No faqs yet for this card.

Reviews

Please don't take this card without talking to your teammates first. Sure, it sounds like a clutch card, but in practice, keep in mind:

1.) you have to OVERsucceed to get literally any use from this card whatsoever. and even if you do manage that against monsters with high fight, you aren't reducing the fight value by much. I'm going to guess an average of 1-2.

2.) This only lasts for one attack. ONE attack. Unless your teammate is close by and also using a Shotgun, a (well-used) Double or Nothing, etc. that can abuse the heck out of an easy fight test, you're just getting a mildly easier attack.

On top of that, you as a Seeker are spending an XP and card slot on something that isn't at all conducive to seeking (clues, cards) or self-defense. Trust me, there are much better cards for Seeker self-defense that DON'T cost 1 XP. Yea, cool, you reduced some enemy's fight value from 3 to 0 for one punch, but if your combat-oriented teammates desperately and frequently needed something like that, chances are what they really needed is to build their investigators to be more consistent. Spend your XP on something that will make you better at YOUR job (or, again, something to pull your own butt out of the fire).

Maybe this card does have its place, but you (and more specifically, your team) really need to have something worthwhile built around it. This card fills a pretty specific combat-support niche, and if you undershoot that, you're going to be disappointed. In my personal opinion, the setup that your team needs to intentionally make this card worth it.....is not worth it. I can visualize a few different, down-to-the-wire scenarios where a well-placed Expose Weakness (with a VERY forgiving chaos bag) could win you the game, but I'm not willing to shovel my money into a losing slot machine in the hopes of that triple 7.

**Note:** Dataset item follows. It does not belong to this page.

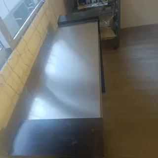Tocador de peluquería con un diseño moderno y funcional. - Superficie principal en acabado plateado. - Base inferior en tono madera oscura.

tl;dr: yes for someone, no for me

TheDoc37 · 468
Yeah, this is a bad one. Maybe for Sawed-off Shotgun Trish? — Zinjanthropus · 227
New life with --Exploit-- Weakness. — MrGoldbee · 1451

Do you like Jank? Yes? Then sit down and let me whisper these two cards to you. Expose Weakness. Double or Nothing.

Did you get goosebumps? Nuff said.

(Obviously you'll need lots of other combo pieces, how about a Vicious Blow? Backstab? "I've got a plan!")

Tsuruki23 · 2527
But is it worth it..? I mean, it's a great combo when you can pull it off, but three cards to kill a monster seems a bit excessive. — olahren · 3412
This is how bosses die. This card is great. — Andronikus · 1

In the review of Flashlight, reviewer Caius Drewart notes that using the Flashlight on a location to reduce it's shroud value to 0 basically guarantees a success regardless of what chaos token you draw (barring the dreaded tentacle token.) Similarly, this card can, potentially, guarantee the next Fight action against a baddy succeeds (again, barring auto-failure.) I think this card is in the same vein as the Flashlight, since it hedges your bets against the chaos tokens in this way. I might even dare compare it to the Grotesque Statue, Wendy Adams' special ability, Jim Culver's special ability, and Kukri.

Quick Rundown: Daisy Walker & Norman Withers both have 5 Intellect . Carolyn Fern, Finn Edwards, Marie Lambeau, Minh Thi Phan, Rex Murphy, and Ursula Downs all have 4 Intellect . If you succeed the Intellect test with flying colors, Expose Weakness basically lets you trade out your Combat icon for your Intellect icon for a single (the next) attack. And remember, if you reduce the enemy's Combat to 0, success is basically guaranteed, meaning you get a minimum of one damage in.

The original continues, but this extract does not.